Friday, April 3, 2009

AFTER DIVORCE, HOW CAN YOU TRUST AGAIN?

As I think about how God has taken care of me since long before I knew Him, I am reminded of so many stories that tell me God is with me and watches over me and has a plan for my life, far better than anything I could have imagined.

Several years after my divorce I was in a destructive relationship and obsessed with a man who was an alcoholic and drug addict. After three years together in and out of drug rehab and a few police calls to my house, he dumped me for a woman who didn’t hassle him about getting clean and sober. I grieved the loss of our relationship for a long time. Then, a year after we broke up, I ran into him. He was with his girlfriend, but we secretly made plans to get together at a retreat a few weekends later. I was ecstatic and excited to see him, planning the big reconciliation. At the last minute, the man I had been casually dating offered to fly his private plane to Canada to get the puppy I had been anxiously awaiting for months. I was tempted to say – gee thanks – I’ll see you and the puppy when I get home from my weekend away! Or never mind, I didn’t really want the puppy anyway. I couldn’t find a way to gracefully reject the generous offer to go get the puppy I had been talking about for months, so I wasn’t able to go on the weekend to see my old boyfriend and never saw him again. I know that God did for me what I could never have done for myself. Was it a coincidence of timing, or did God intervene and spare me from what could have been a lifetime of torment with this man. I choose to see God’s hand.

A few years later, after a series of broken relationships and personal losses, I accepted Jesus Christ as my Lord and Savior at a Billy Graham Crusade. Three weeks later I was diagnosed with breast cancer. The Bible doesn’t say everything will be great in life, but it does say God will be with us and protect us.

Hebrews 13:5 "Never will I leave you, never will I forsake you."

I can’t imagine how difficult it would have been to go through the surgery and treatment without knowing God was with me and would never fail me. Some would consider it a coincidence that I committed my life to Christ just before getting this frightening diagnosis, but again I see God’s hand in bringing me to Him just in time to lean on Him and Jesus through the difficult time ahead.

As lack of trust in God can drive a wedge in our relationship with God, so also can lack of trust in relationships with people drive a wedge in our relationship with others, whether spouse, friend or family member. After divorce and the pain and mistrust that can come as a result of feeling mistreated and rejected, how can we know whom to trust? Do you even want to trust again, or is it easier to isolate and take no chance of opening yourself up to being hurt again? Rather than choosing to remain alone and not risk another devastating breakup, we can pray for discernment. We can ask God to give us wisdom, that He will open our eyes and reveal what we need to know about the heart and character of the person we are considering giving our heart to.

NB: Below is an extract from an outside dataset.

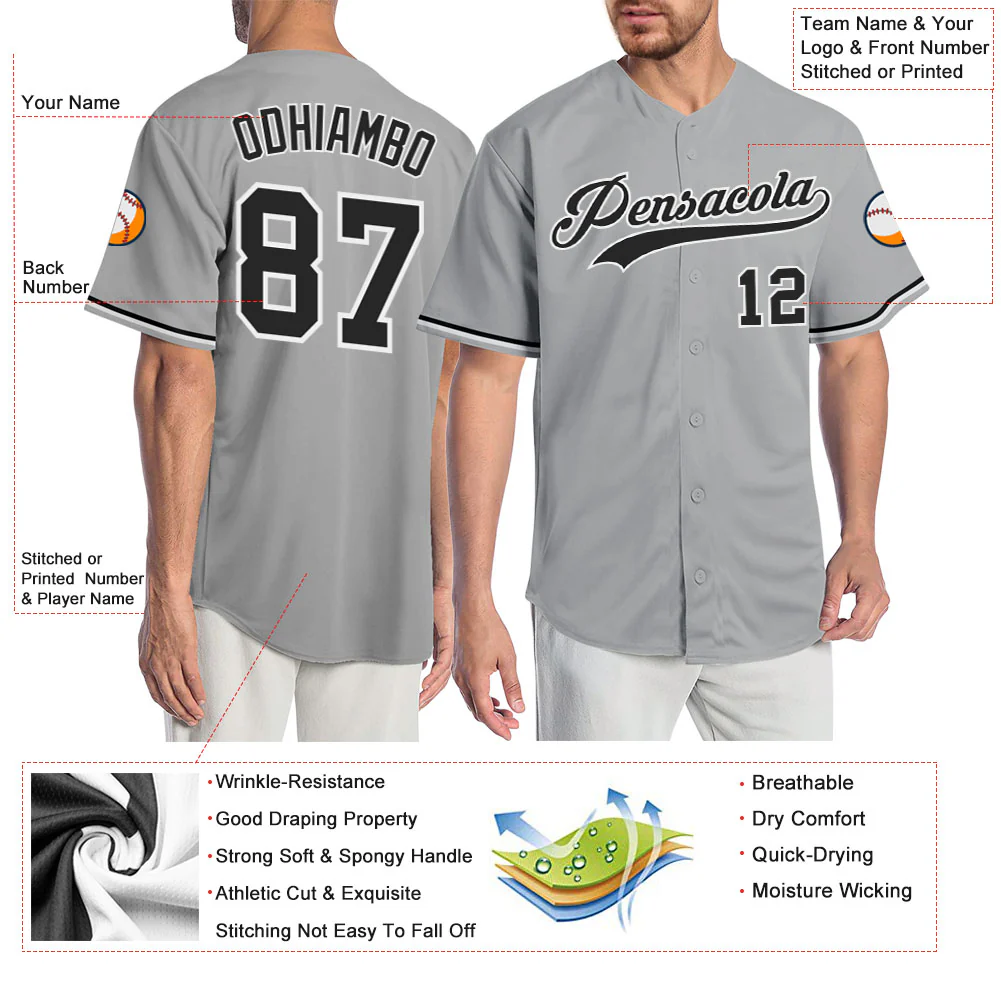 Custom Gray Black-Orange Authentic Baseball Jersey

As I recognize God’s work in my life, it has become easier and more natural to trust Him as new challenges come up. When things go well it’s easy to trust God. It’s when things are not going well that it’s harder to trust, but that’s when we need to the most.

Proverbs 3:5: "Trust in the Lord with all your heart and lean not on your own understanding; in all your ways acknowledge Him, and He will make your paths straight.”

How can we learn to trust God? We can pray for deeper trust and faith and leave the results in God's hands.

Romans 15:13 "May the God of hope fill you will all joy and peace as you trust in Him, so that you may overflow with hope by the power of the Holy Spirit."

God has not always answered my prayers, and rarely in the way I hoped He would. Instead He has blessed me far beyond my imagination. No matter what comes my way, why would I not trust Him today?